The U.S. Department of Health and Human Services on Nov. 19 released what it called an updated “peer reviewed” version of an earlier report claiming scientific evidence shows that gender-affirming care or treatment for juveniles that attempts to change their gender is harmful and presents a danger to “vulnerable children.”

“The report, released through the Office of the Assistant Secretary of Health, finds that the harms from sex-rejecting procedures — including puberty blockers, cross-sex hormones, and surgical operations — are significant, long term, and too often ignored or inadequately tracked,” according to a statement released by HHS announcing the release of the report.

“The American Medical Association and the American Academy of Pediatrics peddled the lie that chemical and surgical sex-rejecting procedures could be good for children,” said HHS Secretary Robert F. Kennedy Jr. in  the HHS statement, “They betrayed their oath to first do no harm, and their so-called ‘gender affirming care’ has inflicted lasting physical and psychological damage on vulnerable young people,” Kennedy says in the statement.
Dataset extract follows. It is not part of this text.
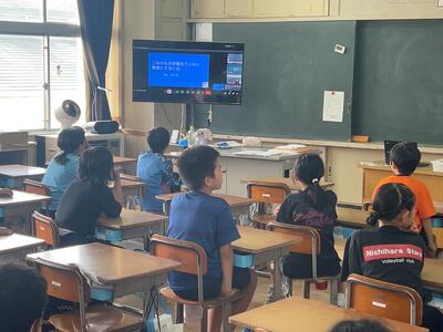 1984年(昭和59年)に友好親善都市提携を結びました。児童の交歓交流は1992年(平成4年)から始められました。本校と西江原小学校との作品交流は1988年(昭和63年)より始められ、36年間続いています。
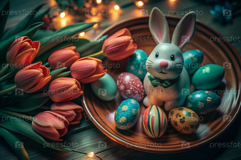 Пастельные пасхальные яйца, тюльпаны и милое украшение кролика на светлом фоне, весенние праздники плоская композиция. g

The national LGBTQ advocacy organizations Human Rights Campaign and GLAAD issued statements on the same day the HHS report was released, denouncing it as a sham based on fake science and politics.

HRC called the report “a politically motivated document filled with outright lies and misinformation.”  

In its own statement released on the same day the HHS report was released, HRC said HHS’s so-called peer reviewed report is similar to an earlier HHS report released in May that had a “predetermined outcome dictated by grossly uninformed political actors that have deliberately mischaracterized  health care for transgender youth despite the uniform, science backed conclusion of the American medical and mental health experts to the contrary.”

The HRC statement adds, “Trans people’s health care is delivered in age-appropriate, evidence-based ways, and decisions to provide care are made in consultation with doctors and parents, just like health care for all other people.”

In a separate statement, GLAAD CEO Sarah Kate Ellis called the HHS report a form of “discredited junk science.” She added the report makes claims that are “grossly misleading and in direct contrast to the recommendations of every leading health authority in the world … This report amounts to nothing more than forcing the same discredited idea of conversion therapy that ripped families apart and harmed gay, lesbian, and bisexual young people for decades.”

In its statement announcing the release of its report, HHS insists its own experts rather than those cited by its critics are the ones invoking true science.

“Before submitting its report for peer review, HHS commissioned the most comprehensive study to date of the scientific evidence and clinical practices surrounding the treatment of children and adolescents for ‘gender dysphoria,’” the statement continues. “The authors were drawn from disciplines and professional backgrounds spanning medicine, bioethics, psychology, and philosophy.”

In a concluding comment in the HHS statement, Assistant Secretary for Health Brian Christine says, “Our report is an urgent wake-up call to doctors and parents about the clear dangers of trying to turn girls into boys and vice versa.”